The Company's $1.15 billion principal amount of 2.125% junior subordinated convertible debentures due December 15, 2037, are subordinated in right of payment to any future senior debt of the Company and are effectively subordinated in right of payment to the liabilities of the Company's subsidiaries.  The debentures are convertible, subject to certain conditions, into shares of the Company's common stock at an initial conversion rate of 29.2783 shares of common stock per $1,000 principal amount of debentures, representing an initial conversion price of approximately $34.16 per share of common stock.  As of March 31, 2014, the holders of the debentures have the right to convert their debentures between April 1, 2014 and June 30, 2014 because for at least 20 trading days during the 30 consecutive trading day period ending on March 31, 2014, the Company's common stock had a last reported sale price greater than 130% of the conversion price. As of March 31, 2014, a holder could realize more economic value by selling its debentures in the over the counter market than from converting its debentures.  As a result of cash dividends paid since the issuance of the debentures, the conversion rate has been adjusted to 38.6588 shares of common stock per $1,000 of principal amount of debentures, representing a conversion price of approximately $25.87 per share of common stock.
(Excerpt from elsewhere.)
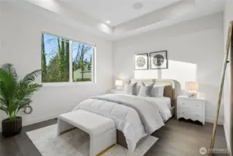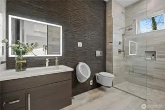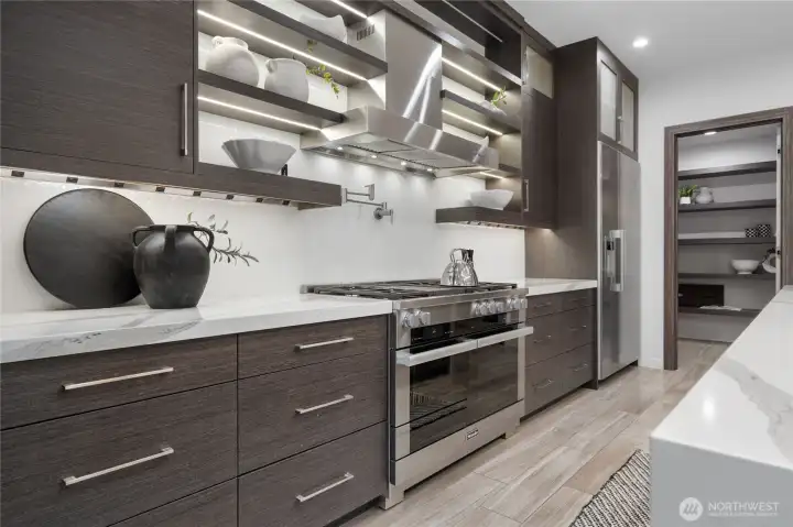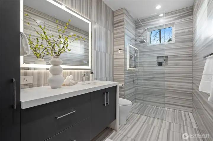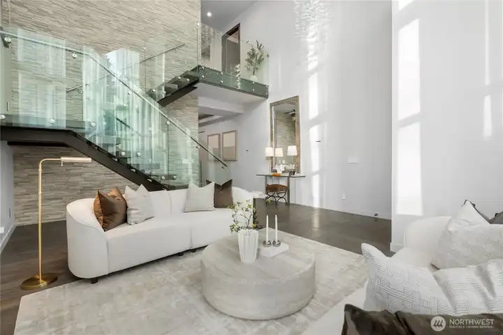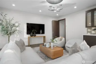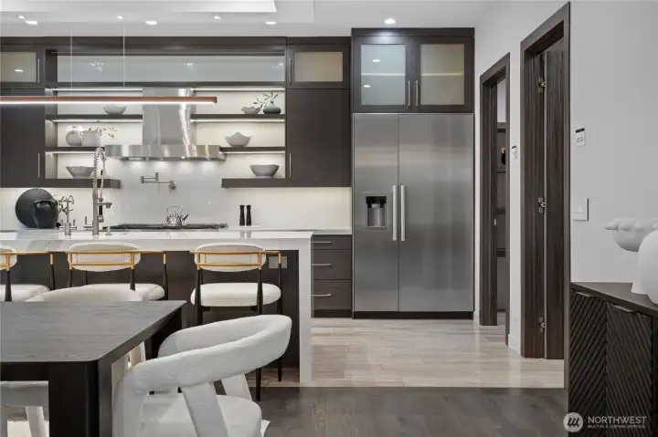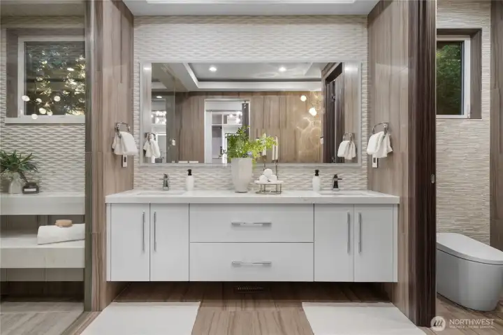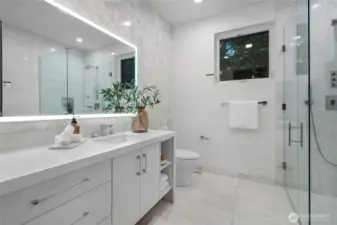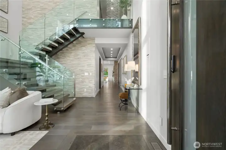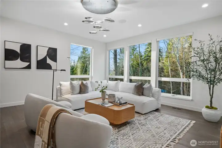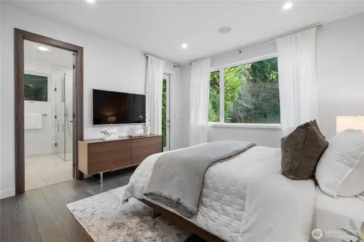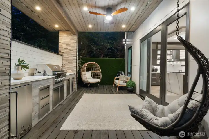 Built as the builder’s own home, this custom Newcastle residence offers just over 4,100 square feet of thoughtfully designed living space that feels intentional, comfortable, and refined. The floor plan includes four private bedroom suites, each with its own bathroom and walk-in closet, along with a fifth powder room and a spacious bonus room featuring a wet bar and views toward Lake Washington. A tall, double-height entry creates a strong first impression, while 10-foot ceilings on the main level and 9-foot ceilings upstairs keep the home open without feeling oversized. Materials were selected for quality and longevity, including no texture walls, wide-plank hardwood floors, natural stone, Italian solid-core doors, and custom millwork throughout. The kitchen is designed to be lived in, with handcrafted cabinetry, stone countertops, Miele appliances, and heated floors. Large windows and glass doors bring in natural light and open to two covered outdoor living spaces, including an outdoor kitchen and a fire pit seating area suited for year-round use. The home was built with premium framing, added concrete, spray-foam insulation, triple-pane windows, and sound-reducing interior walls. Fully fenced property features modern horizontal fencing, low-maintenance pet friendly turf all just minutes from parks, shopping, Gene Coulon and Newcastle Beach.

The debentures include a contingent interest mechanism that begins in December 2017. The terms of the contingent interest include a 0.25% interest rate if the debentures are trading at less than $40 and 0.5% if the debentures are trading at greater than $150. Based on the current trading price of the debentures the contingent interest rate in calendar year 2017 would be 0.5%.
 
As the debentures can be settled in cash upon conversion, for accounting purposes, the debentures were bifurcated into a liability component and an equity component, which are both initially recorded at fair value.  The carrying value of the equity component at March 31, 2014 and at March 31, 2013 was $822.4 million.  The estimated fair value of the liability component of the debentures at the issuance date was $327.6 million, resulting in a debt discount of $822.4 million.  The unamortized debt discount was $777.2 million at March 31, 2014 and $786.2 million at March 31, 2013.  The carrying value of the debentures was $371.9 million at March 31, 2014 and $363.4 million at March 31, 2013.  The remaining period over which the unamortized debt discount will be recognized as non-cash interest expense is 23.75 years.  In the years ended March 31, 2014, 2013 and 2012 the Company recognized $9.0 million, $8.2 million and $7.5 million, respectively, in non-cash interest expense related to the amortization of the debt discount.  The Company recognized $24.4 million of interest expense related to the 2.125% coupon on the debentures in each of fiscal 2014, fiscal 2013 and fiscal 2012.